A COUPLE has received a five-figure payout and an apology from Bradford Council after the boy they planned to adopt was removed by children’s services.
Sonny and Sarita Simak, a Church pastor and charity worker, were paired with a young child who was in the care of Bradford Council in 2017 after an adoption panel approved them as being a good match.
However, just eight months later, the pair were given two days’ notice that the child, who cannot be named, was being taken away from them because ‘social workers doubted the long-term placement would work because the couple suffered from low moods and hadn’t taken advice about feeding the boy’.
Mr Simak said: “We were told very abruptly that they would come to pick him up the next day because the placement would not work. We were shocked and in the moment we were told our boy was singing happy birthday to me because it was his second birthday two days later.”
The Simaks refused to accept the claim, and their GP and health visitor said the little boy had thrived in their care.
Mr Simak added: “He was amazing, we loved him, we were family, he was calling us mum and daddy, we took him to playgroups, we took him to parks, he met his new grandparents, he was just a normal child growing up with us.
He loved his little room, he would show guests his room, he was so proud that this was where he belonged and he was a happy boy. We loved him and he loved us back.”
A year after he’d been taken away, the couple had a formal meeting in which Bradford Council apologised and said if they still wanted to adopt the boy, an independent social worker must assess them all to determine what was in his best interests.
Mr Simak added: “We went ahead with the independent report which concluded he should be returned to us as soon as possible. We kept asking for placement dates and were given dates on five different occasions.
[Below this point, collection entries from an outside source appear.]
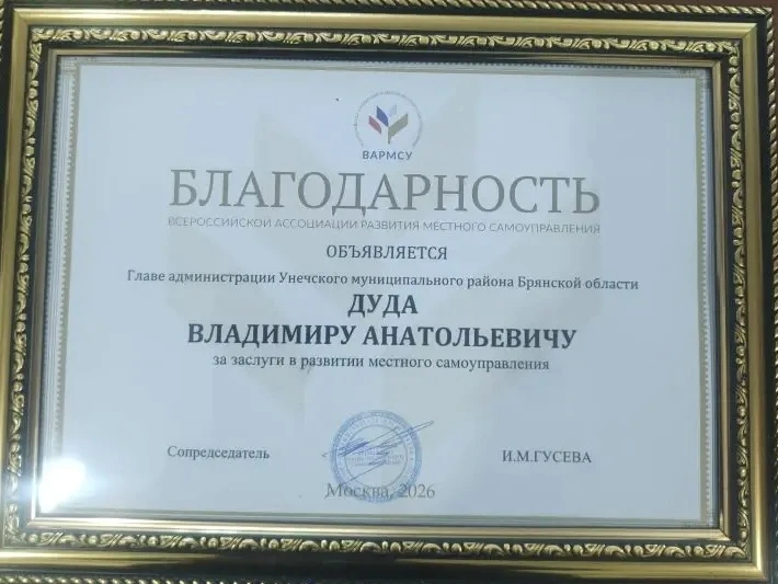 С гордостью спешим отметить, что главе администрации Унечского района В.А.Дуда была вручена благодарность Всероссийской ассоциации развития местного самоуправления за заслуги в развитии местного самоуправления.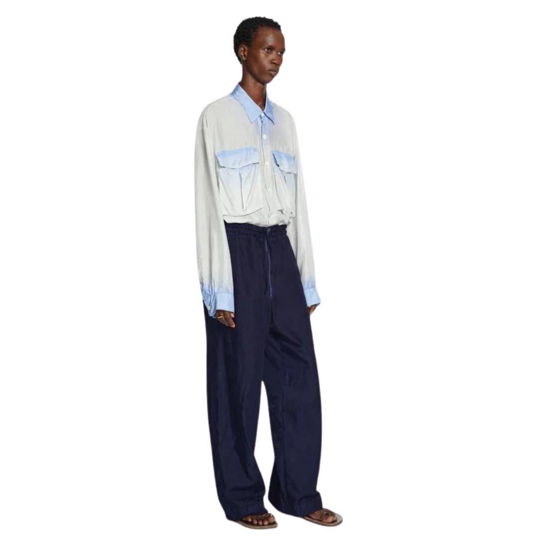 Introducing our DRIES VAN NOTEN Overdyed Pants, a fusion of classic style and contemporary flair. Crafted with meticulous attention to detail, these pants undergo a special dyeing process that results in a rich, saturated color with subtle variations for a unique, lived-in look. Made from high-quality materials, they offer both durability and comfort for everyday wear. The tailored silhouette ensures a polished appearance, while the overdyed finish adds a touch of sophistication to any outfit. Whether paired with a casual tee or a crisp button-down shirt, our Overdyed Pants are a versatile addition to your wardrobe, effortlessly elevating your style with understated elegance.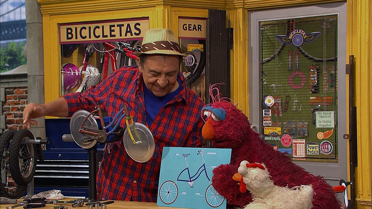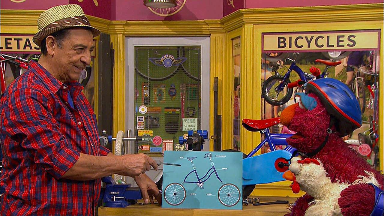 SCENE | Luis makes some adjustments to Telly's bike, when Little Chicken appears, hopping around with glee. Telly interprets her actions and determines she's excited for a bike ride. However, Luis doesn't have any bikes that are small enough for her to ride. Little Chicken gets sad, until Telly proposes Luis build her a bike. Luis pulls out a diagram of a bike, but thinks some problems will arise when building it. |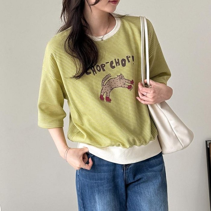 優寶購物《ubao.Tw》特貨品商城,黑貓宅配,取貨付款,Forever Kids 正韓 遮手臂休閒條紋 可愛印花T上衣【A69365】韓國代購 | Yahoo拍賣

We were very patient because we would do anything for him, and kept asking if they were telling him about us, but they never let us meet him in that time.”
In April 2021 the couple received some pictures of the boy but were told two weeks later that he would not be returned to them after all as a new therapeutic assessment concluded that the boy wasn’t suitable for adoption and should stay in long-term foster care for the rest of his childhood.
Mr Simak added: “How can you do this to such a child young child? They didn’t steal him from us, they stole us from him, they stole his future.
“There’s anguish, there’s anger, there’s pain, there’s confusion, it’s not easy to deal with.”
The couple then got in touch with a solicitor, but before the case came to court, Bradford Council offered to settle the claim.
Nigel Priestley, a community care and adoption specialist solicitor, took on the case on behalf of the couple, who live in Slough, west of London.
He said: “The perverse decision of Bradford Council, in this case, has denied the child a home. My clients had twice been matched by a panel to this child, and twice the decision has been confirmed by the agency decision maker so the independent social work report confirmed that they could more than care for this child. We’ve never seen the evidence that underpins the concerns about my client’s placement.”
“What the council has done is three things, one denied the child a secure and safe family, secondly they have committed this child to long term foster care and we all know that can have significant issues, and thirdly it has sent out a message to adopters that local authorities can’t be trusted.”
Mr Priestley added that although it is ‘welcome’ that the Council has admitted their wrongdoing, it is not ‘welcome that the child has been denied a safe home.”
A Bradford Council spokesperson said: “We know that in 2018 not all the correct processes were followed in respect of decisions relating to Mr and Mrs Simak’s case. We understand that this will have been very difficult for them as a result and we have apologised to them for this.
We cannot comment on the individual circumstances of children in our care for reasons of data protection. However, we always put the best interests and wellbeing of children placed for adoption at the core of all our decisions. When we make decisions regarding the long-term placement of a child, we take into account all assessments, including updated or new assessments.”